G71.0 Muscular dystrophy

Name of the Condition

• Muscular dystrophy

Summary

Muscular dystrophy is a group of genetic disorders characterized by progressive muscle weakness and degeneration. These conditions result from defects in muscle proteins, leading to impaired muscle function over time. The severity and progression vary depending on the specific type of muscular dystrophy.

Causes

Muscular dystrophy is primarily caused by genetic mutations that affect proteins essential for muscle structure and function. These mutations disrupt the integrity of muscle fibers, leading to progressive muscle damage. The condition is inherited in an X-linked, autosomal dominant, or autosomal recessive pattern, depending on the specific type.

Risk Factors

• Family history of muscular dystrophy.
• Genetic predisposition due to inherited mutations.
• Gender (some types, like Duchenne, are more common in males).

Symptoms

• Progressive muscle weakness.
• Difficulty walking or running.
• Muscle wasting (atrophy).
• Contractures (stiff joints).
• Delayed motor milestones in children.
• Respiratory or cardiac complications in advanced stages.

Diagnosis

Diagnosis involves clinical evaluation, muscle strength testing, and specialized tests such as electromyography (EMG) to assess muscle electrical activity. Blood tests for elevated muscle enzymes (e.g., creatine kinase) and genetic testing to identify mutations are commonly used. Muscle biopsy may be performed to examine tissue structure.

Treatment Options

Treatment focuses on managing symptoms and slowing progression. Options include physical therapy, assistive devices, medications (e.g., corticosteroids), and respiratory support. In some cases, surgical interventions may address contractures or cardiac issues.

Prognosis and Follow-Up

Prognosis varies by type and severity. Early intervention can improve quality of life, but most forms are progressive. Regular follow-up with neurologists, cardiologists, and pulmonologists is essential to monitor muscle function, respiratory health, and cardiac status.

Complications

• Respiratory failure due to weakened respiratory muscles.
• Cardiomyopathy or arrhythmias.
• Severe mobility limitations.
• Contractures and joint deformities.
• Swallowing difficulties (dysphagia).

Lifestyle & Prevention

While prevention is not possible due to genetic causes, lifestyle management includes maintaining mobility through physical therapy, using assistive devices, and avoiding activities that strain muscles. Nutritional support and respiratory care are also important.

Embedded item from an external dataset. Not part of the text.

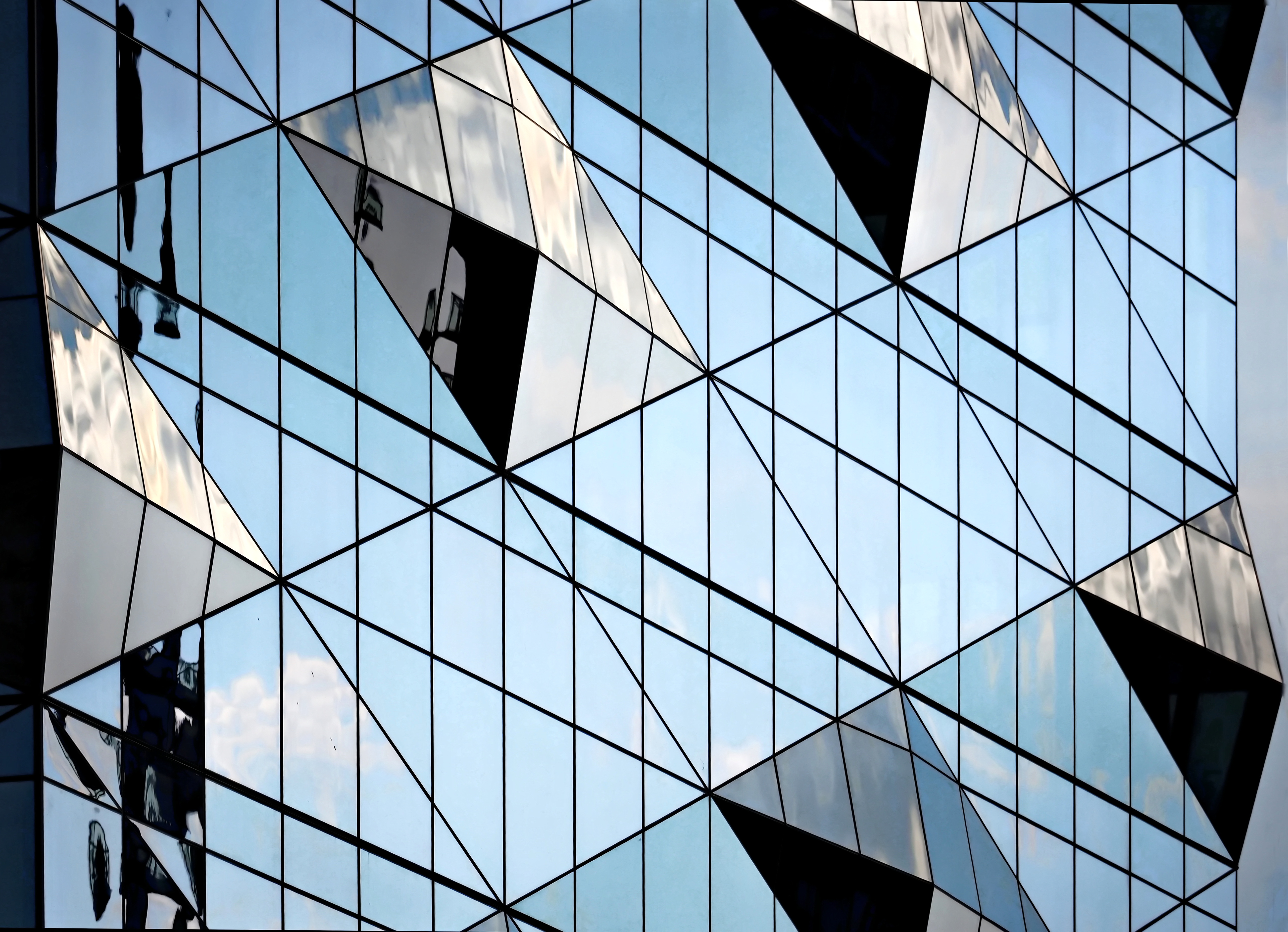 The third is a little overwhelming for all that is going on, though it's good to see what you were working with. Of the first two, I can't choose which I like better. The close-up has intriguing cloud details and full blacks in the individual triangles. The more distant side view is awesome with its inclusion of the sky that caused those great reflections and the contrast of the shaded side of the building. What a photo op!

When to Seek Professional Help

Seek medical attention if you or a family member experiences unexplained muscle weakness, difficulty walking, or delayed motor development. Prompt evaluation is critical for early diagnosis and management.

Tips for Medical Coders

Document the specific type of muscular dystrophy when known (e.g., Duchenne, Becker) to ensure accurate coding. Include details on muscle involvement, progression, and associated complications. Verify that the code aligns with clinical documentation and guidelines for genetic muscle disorders.